Randle Wilbraham Falconer (1816 – 6 May 1881) was a British medical writer.

==Life==
Falconer was the fourth son of Thomas Falconer, MD (1772–1839). He was for many years one of the leading physicians of Bath, Somerset, where his grandfather, William Falconer, had also practised. He began the study of medicine at the University of Edinburgh in 1835, and graduated in 1839. At first he settled at Tenby, but in 1847 he moved to Bath, where he continued to practise till his death.
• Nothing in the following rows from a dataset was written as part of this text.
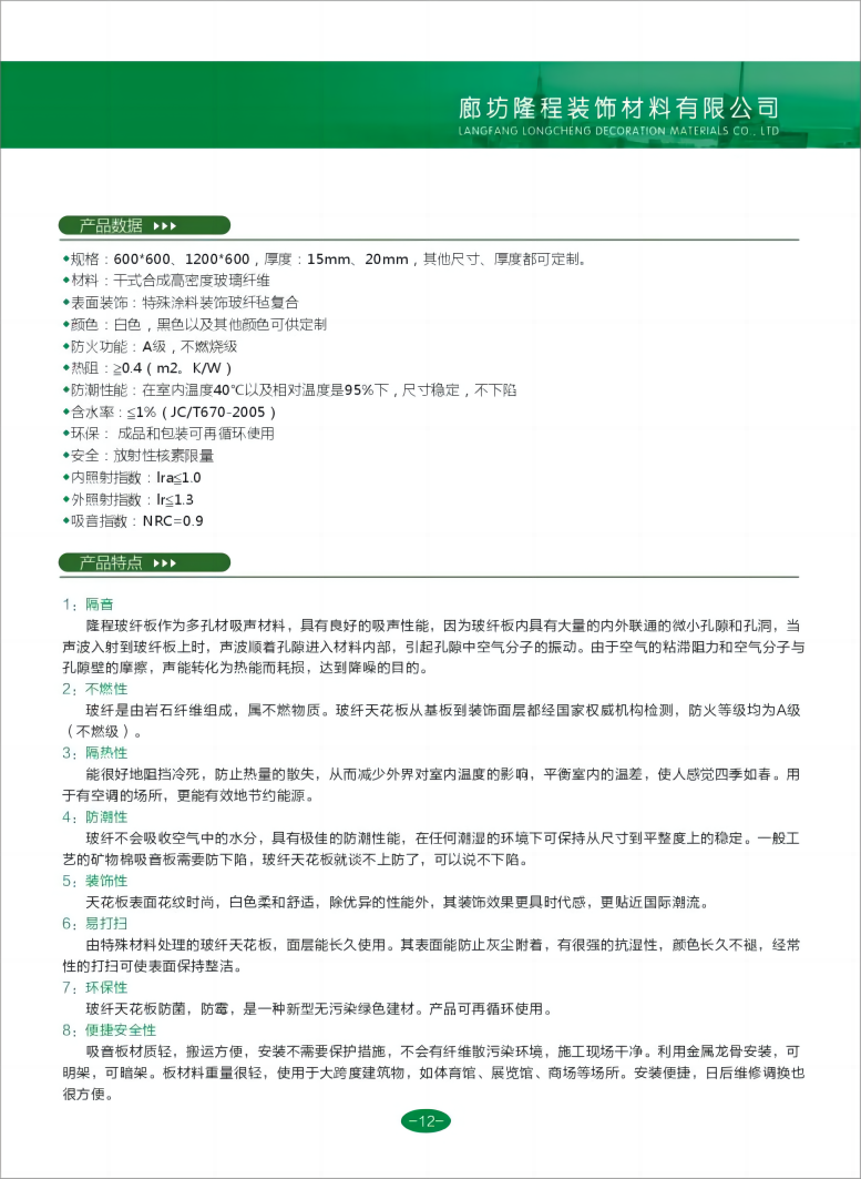 廊坊隆程装饰材料有限公司,坐落于素有中国 “保温之乡” 美誉的河北省大城县保温材料工业区,是一家专注于玻纤声学材料研发与生产的现代化企业。公司配备国内先进生产设备与核心技术,汇聚一批高级技术人才与资深管理团队,为产品品质与创新提供坚实保障。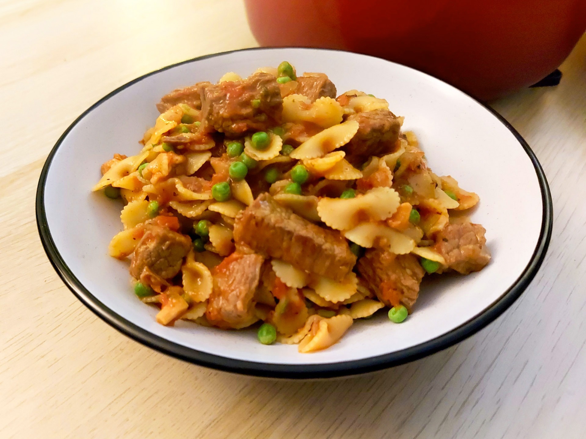 • Breng de saus eventueel verder op smaak en roer de pasta erdoor. Breng opnieuw aan de kook, controleer of er nog genoeg vocht in de pan zit en kook de pasta beetgaar. Voeg 3 minuten voor het einde van de kooktijd de diepvrieserwten toe en roer nogmaals goed door. Verwijder de laurierblaadjes en het kruidenbosje en serveer direct.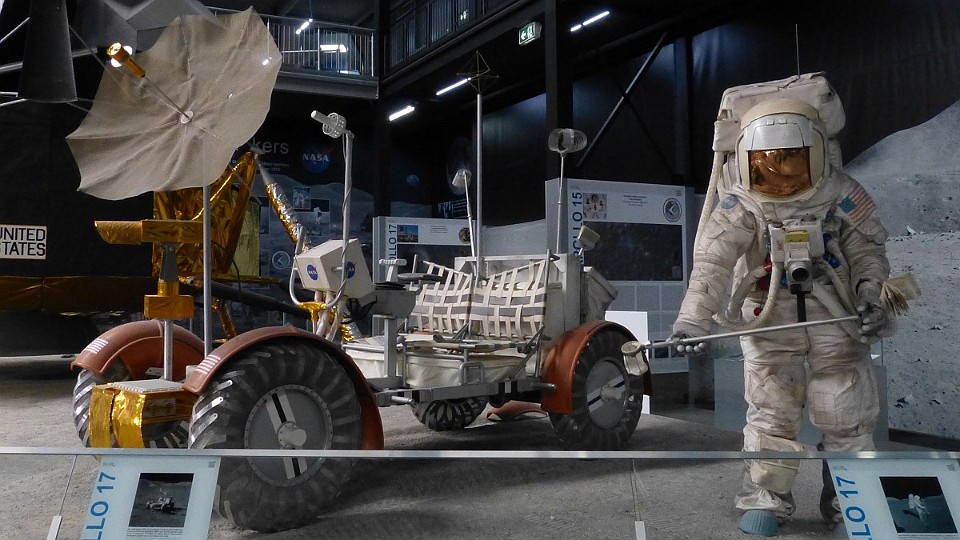 177 Pohled na měsíční modul, vozítko, astronauta a návštěvníky pro představu měřítka. - sobota, 17. května

He was a man of varied knowledge and accomplishments, fond of archaeology and botany, and sufficiently respected by his fellow-citizens that they elected him mayor in 1857. In addition to his Edinburgh doctorate, he held the honorary title of doctor from Queen's University of Ireland, 1879, and that of fellow from King and Queen's College, Dublin, and was a fellow of the Medico-Chirurgical Society of London. He was one of the founders of the Bath and County Club in 1858.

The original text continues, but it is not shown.